• _Problem statement_
Could the entries below be reproduced exactly, with the images removed?

• _Records_
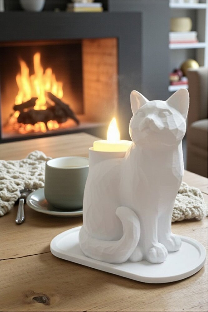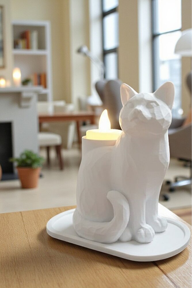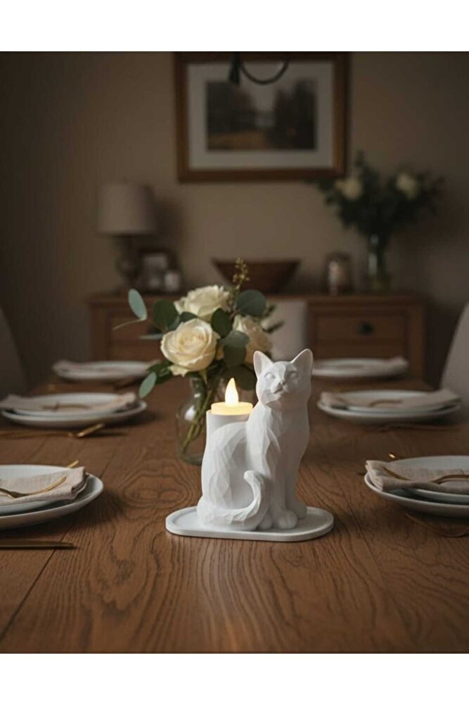 Beyaz Mozaik Dekoratif Kedi Biblo Led Mumlu Şık Ev Ofis Masa Üstü Aksesuar Mumluk (led Mum Hediye)
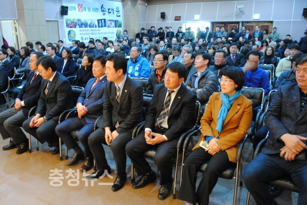 송대윤 대전시의원(유성1, 민주당)이 10일 유성문화원에서 의정보고회를 연 가운데 송 의원에 대한 칭찬 릴레이가 펼쳐졌다.
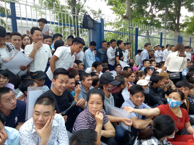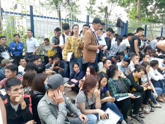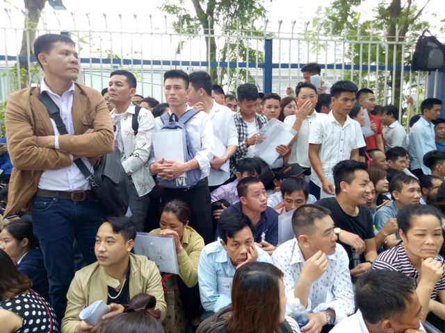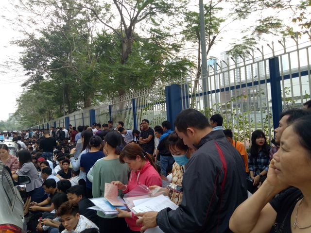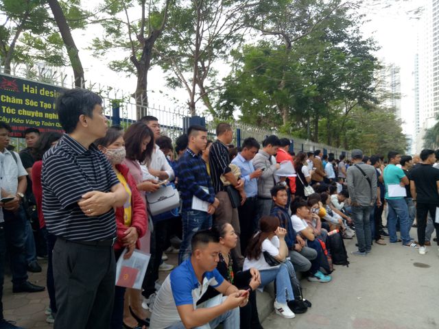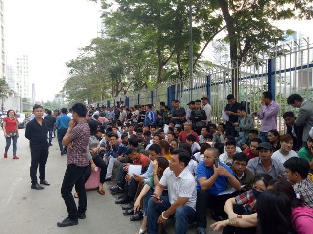Cảnh tượng vạ vật xếp hàng làm thủ tục visa trước Phòng lãnh sự Hàn Quốc
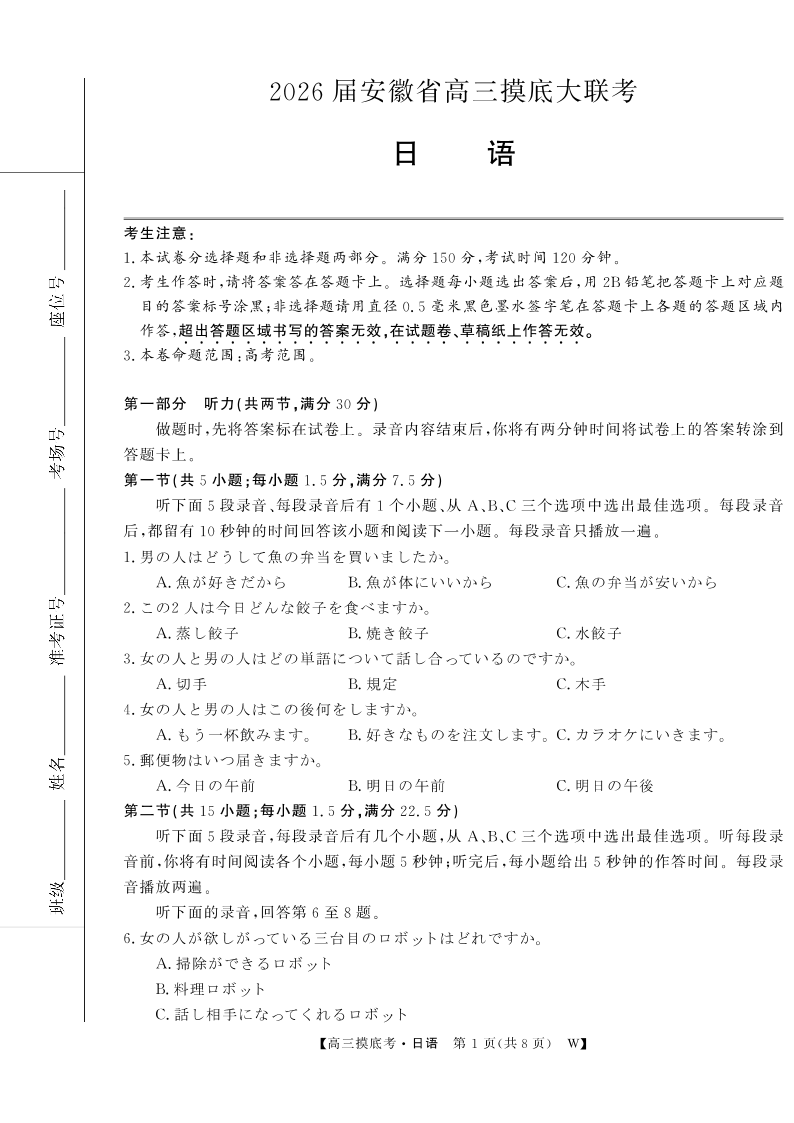 高三日语--安徽省皖南八校2026届高三上学期8月摸底大联考
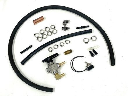 You will receive the hoses, fittings, clamps, electrical switch, and a three-way valve as shown below. The switch will run your new fuel pump in the trunk and the valve will allow you to switch between tanks.
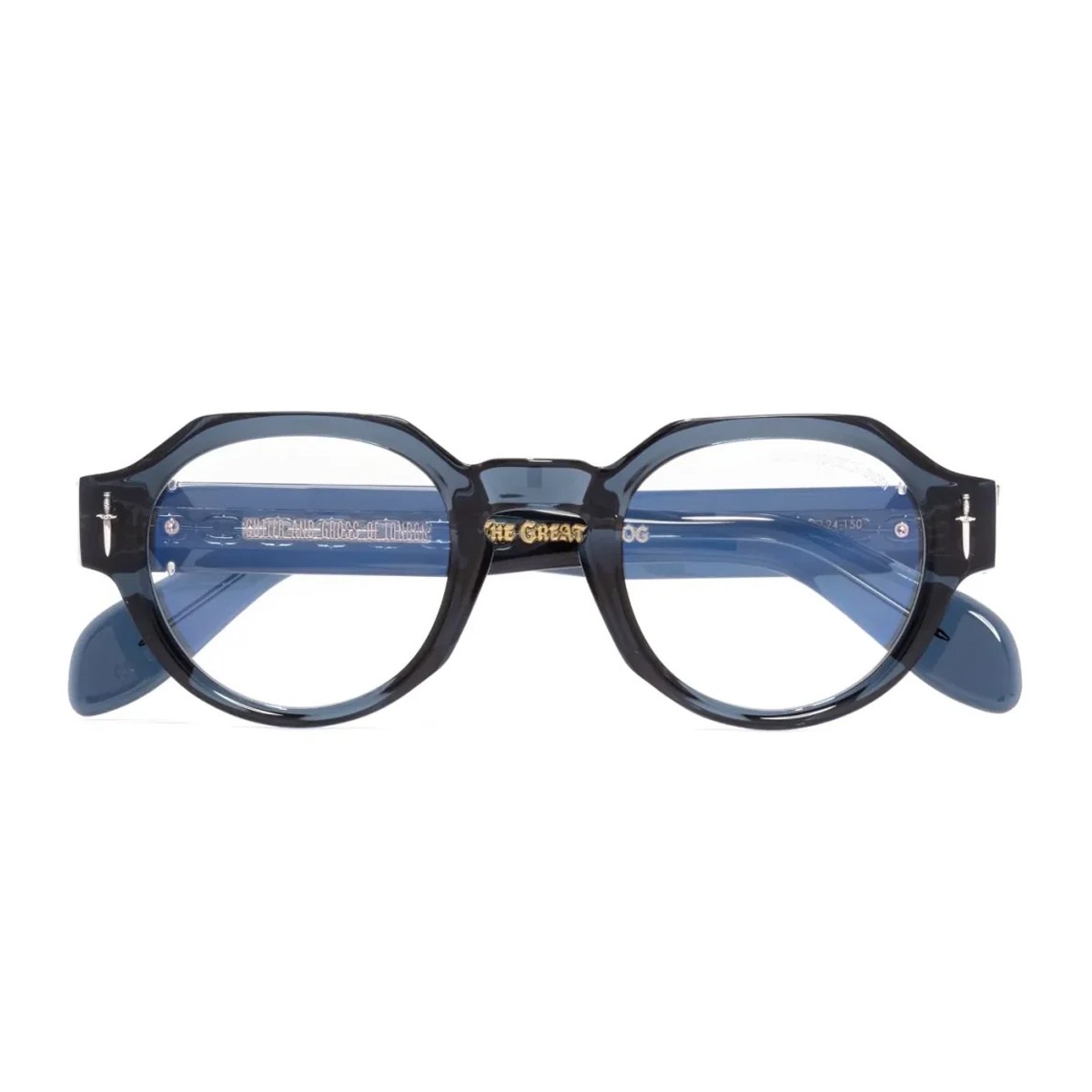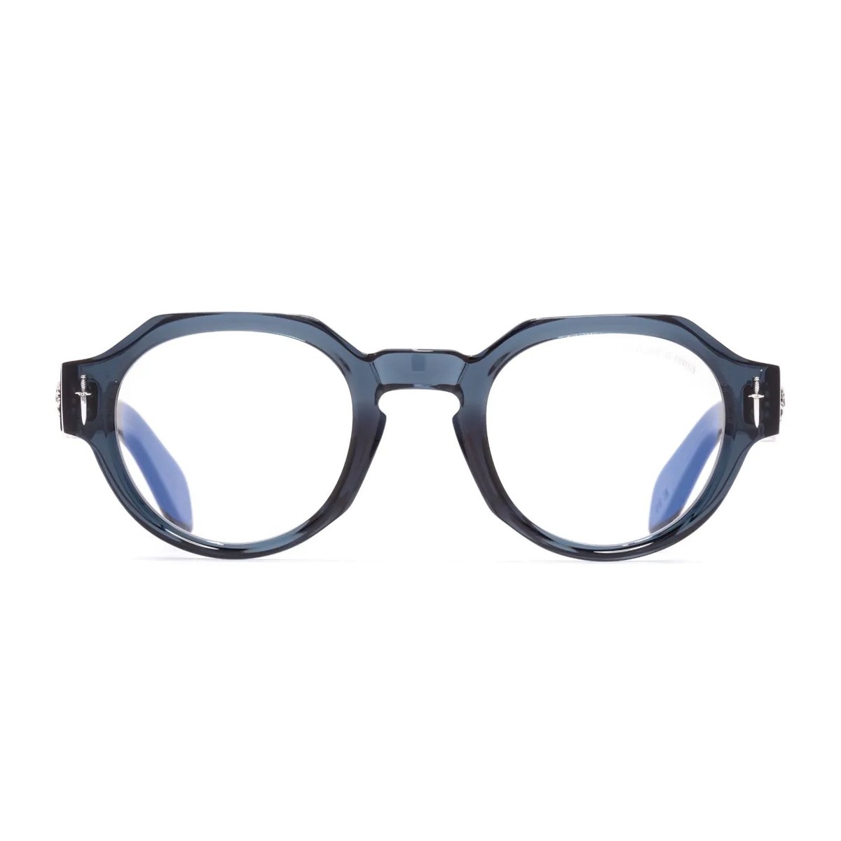Il modello da vista The Great Frog 006 di Cutler and Gross fa parte della collezione Lucky Diamond, nata dalla collaborazione con The Great Frog, storico brand londinese di gioielleria rock e biker. La montatura, realizzata in acetato, presenta una forma geometrica in un’elegante tonalità di blu, arricchita da dettagli in argento sterling a forma di pugnale sul frontale e dall’iconico emblema con teschio e ossa incrociate sulle aste. Un modello che unisce artigianalità, stile contemporaneo e spirito ribelle, riflettendo l’inconfondibile qualità di Cutler and Gross.

• _Written answer_
 Beyaz Mozaik Dekoratif Kedi Biblo Led Mumlu Şık Ev Ofis Masa Üstü Aksesuar Mumluk (led Mum Hediye)
 송대윤 대전시의원(유성1, 민주당)이 10일 유성문화원에서 의정보고회를 연 가운데 송 의원에 대한 칭찬 릴레이가 펼쳐졌다.
Cảnh tượng vạ vật xếp hàng làm thủ tục visa trước Phòng lãnh sự Hàn Quốc
 高三日语--安徽省皖南八校2026届高三上学期8月摸底大联考
 You will receive the hoses, fittings, clamps, electrical switch, and a three-way valve as shown below. The switch will run your new fuel pump in the trunk and the valve will allow you to switch between tanks.
Il modello da vista The Great Frog 006 di Cutler and Gross fa parte della collezione Lucky Diamond, nata dalla collaborazione con The Great Frog, storico brand londinese di gioielleria rock e biker. La montatura, realizzata in acetato, presenta una forma geometrica in un’elegante tonalità di blu, arricchita da dettagli in argento sterling a forma di pugnale sul frontale e dall’iconico emblema con teschio e ossa incrociate sulle aste. Un modello che unisce artigianalità, stile contemporaneo e spirito ribelle, riflettendo l’inconfondibile qualità di Cutler and Gross.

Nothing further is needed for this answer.